As somebody who has been a part of our industry for quite a long time at this stage, what has really struck me in one respect is a pretty profound change over the last few years. Up through 2007 you’d go to a country and these kinds of issues were of interest and importance to say the Minister of Justice, and the Minister of Culture, and perhaps the Minister of the Economy, but not typically the Prime Minister, or the President, or head of state. And in the last two years that has really changed. I think it changed in part because people saw the way Barack Obama used Internet-based technology to be elected president. But, today Internet issues are really on the agenda for heads of state, that prime ministers want to meet and talk about them.
It was, I thought, very interesting last week when President Hu Jintao visited Washington, D.C. And intellectual property and software was put in the top tier of issues.

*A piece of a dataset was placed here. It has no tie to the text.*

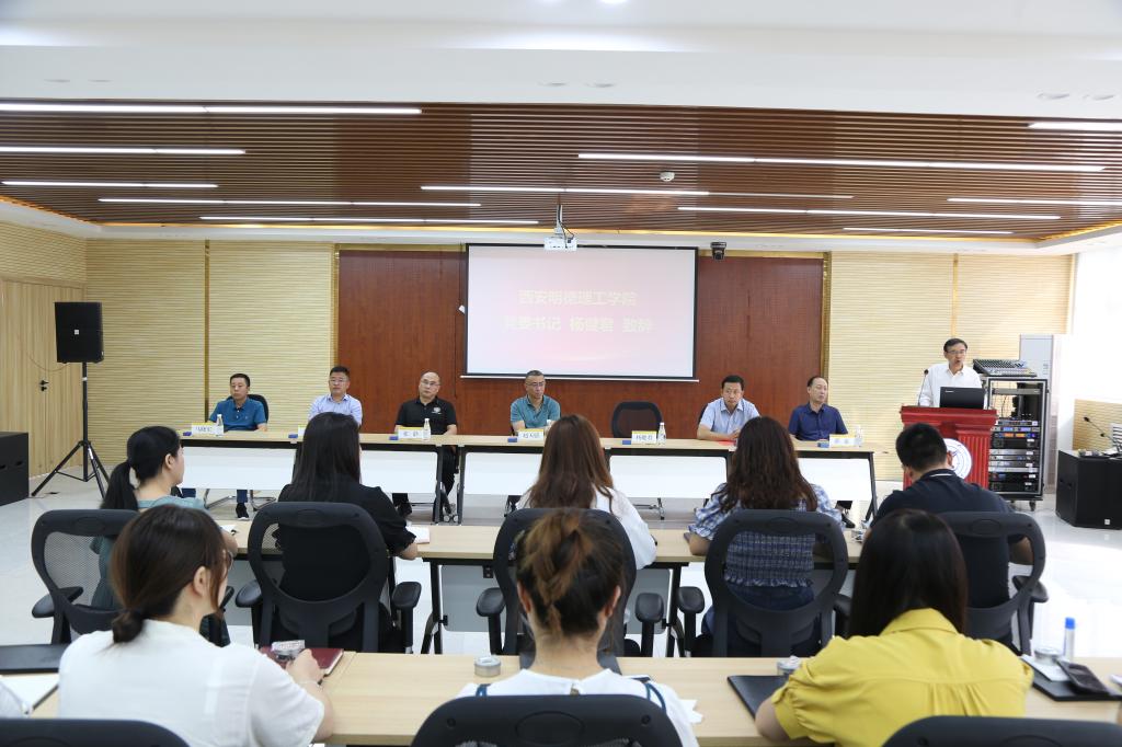 仪式最后,学院领导向新入职教职工代表颁发了校徽,新入职教职工代表、经济与管理学院周腾老师作了发言。

It was mentioned by every news report ahead of beef as a trade issue. That just wasn’t the case a few years ago. So, I think as we look to the G8 meeting, in fact, it is altogether possible that this greater focus by heads of state on these issues will now become something that presidents and prime ministers increasingly focus on addressing in a more coordinated way. And I think that, too, is just another sign of the times we’re living in, where these issues may become more suitable for common attention and collaboration than they’ve been in the past.
QUESTION: It was a very interesting speech, thank you very much. You focused your attention on the global phenomenon and problem in firms, after that you spoke only on the bilateral solution between, for example, U.S. and Europe, or member states and the European Commission and don’t you hope for a sort of global regulator?
BRAD SMITH: I do think that you raise a very good point. Increasingly we would benefit if there were some global standards, or global principles that could be applied in some of these areas. The question to me is always a pragmatic one. How does one best get from where we are today to a solution that is more global in character? And if I think about how global norms tend to emerge, and ultimately culminate in global agreements, it’s usually more than a one-step process. That doesn’t mean that it will necessary always be that way. But, I think especially if you take an issue like privacy, data protection, on which there has been some substantial attention, especially in Europe, and to a significant degree in North America, I think a strong first step towards more global principles would be some greater collaboration across the Atlantic.
If you look at the countries around the world that have strong data protection laws today, it’s not as long a list as one might think. It certainly starts with Europe. It includes Canada. It includes principally the states in the United States, and in some specialized fields the federal government. And then you look at a country like Australia, a country like Japan, but there isn’t yet that common a foundation on which to build. And so while it might well be good if one could move quickly towards a more global approach, personally I think that a more pragmatic approach would be to take one step across the Atlantic, and then use that to take another step to follow.
OK. Well, thank you again. Thank you. (Applause.)